Drosophila axis formation requires a series of inductive interactions between the oocyte and the somatic follicle cells. Early in oogenesis, Gurken protein is produced in the posterior part of the oocyte to induce the adjacent posterior follicle cells to adopt a posterior cell fate. These cells subsequently send an unidentified signal back to the oocyte to induce the formation of a polarised microtubule array that defines the anterior-posterior axis. The polarised microtubules also direct the movement of the nucleus and Gurken mRNA from the posterior to the anterior/dorsal part of the oocyte, where Gurken signals a second time to induce the dorsal follicle cells, thereby polarizing the dorsal-ventral axis. Mago nashi protein is required in the germ line for the transduction of the polarizing signal from the posterior follicle cells (Micklem, 1997 and Newmark, 1997). The apparent absence of Mago from the posterior pole during stages 6 and 7 may reflect a reorganization of the oocyte cytoskeleton (See betaTubulin56D) that takes place at these stages (Theurkauf, 1992).

The proteins Mago and Y14 (FlyBase name: Tsunagi) are evolutionarily conserved binding partners. Y14 is a component of the exon-exon junction complex (EJC), deposited by the spliceosome upstream of messenger RNA (mRNA) exon-exon junctions. The EJC is implicated in post-splicing events such as mRNA nuclear export and nonsense-mediated mRNA decay.

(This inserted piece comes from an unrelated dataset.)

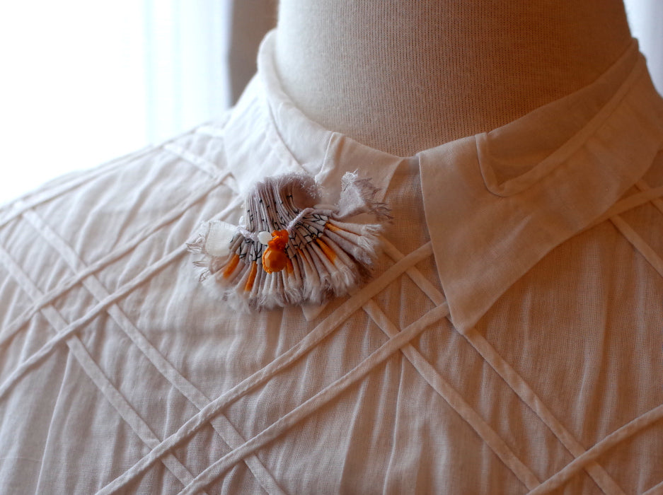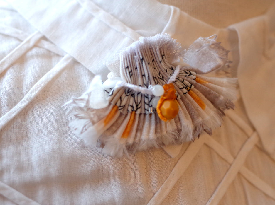 Broche réalisée en cousant de petits morceaux de tissu en lin

Drosophila Mago is essential for the localization of oskar mRNA to the posterior pole of the oocyte, but the functional role of Mago in other species is unknown. Mago is shown to be a bona fide component of the EJC. Like Y14, Mago escorts spliced mRNAs to the cytoplasm, providing a direct functional link between splicing and the downstream process of mRNA localization. Mago/Y14 heterodimers are essential in cultured Drosophila cells. Taken together, these results suggest that, in addition to its specialized function in mRNA localization, Mago plays an essential role in other steps of mRNA metabolism (Le Hir, 2001b).

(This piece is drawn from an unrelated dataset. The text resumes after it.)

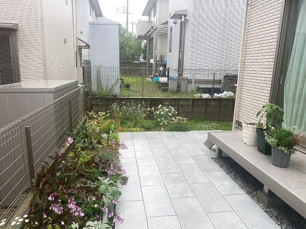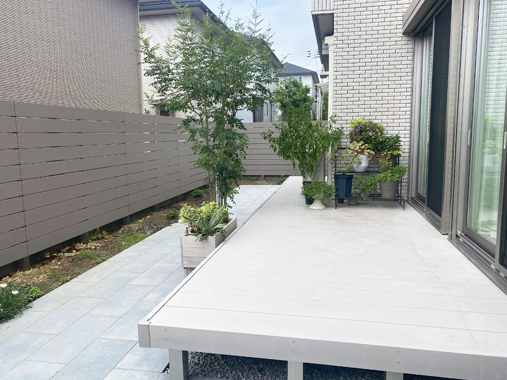 前回はウッドデッキやタイルテラスなどのお庭のリフォーム工事をさせていただき、今回は目隠しフェンスを設置したいとご依頼いただきました。

Messenger RNAs (mRNAs) exist in the cell in dynamic association with multiple proteins, of which many bind cotranscriptionally and accompany the mRNA to the cytoplasm. Components of the splicing machinery (including the spliceosomal U snRNPs) are also loaded onto nascent transcripts, but while U snRNPs and most splicing factors dissociate from the spliced mRNA after completion of the splicing reaction, specific proteins bind to mRNAs as a consequence of splicing. Indeed, it has been shown that the spliceosome imprints the mRNA product by depositing several proteins 20-24 nucleotides (nt) upstream of mRNA exon-exon junctions (Le Hir, 2000a, b, 2001a; Kim, 2001a; Le Hir, 2001a: Le Hir, 2001b and references therein).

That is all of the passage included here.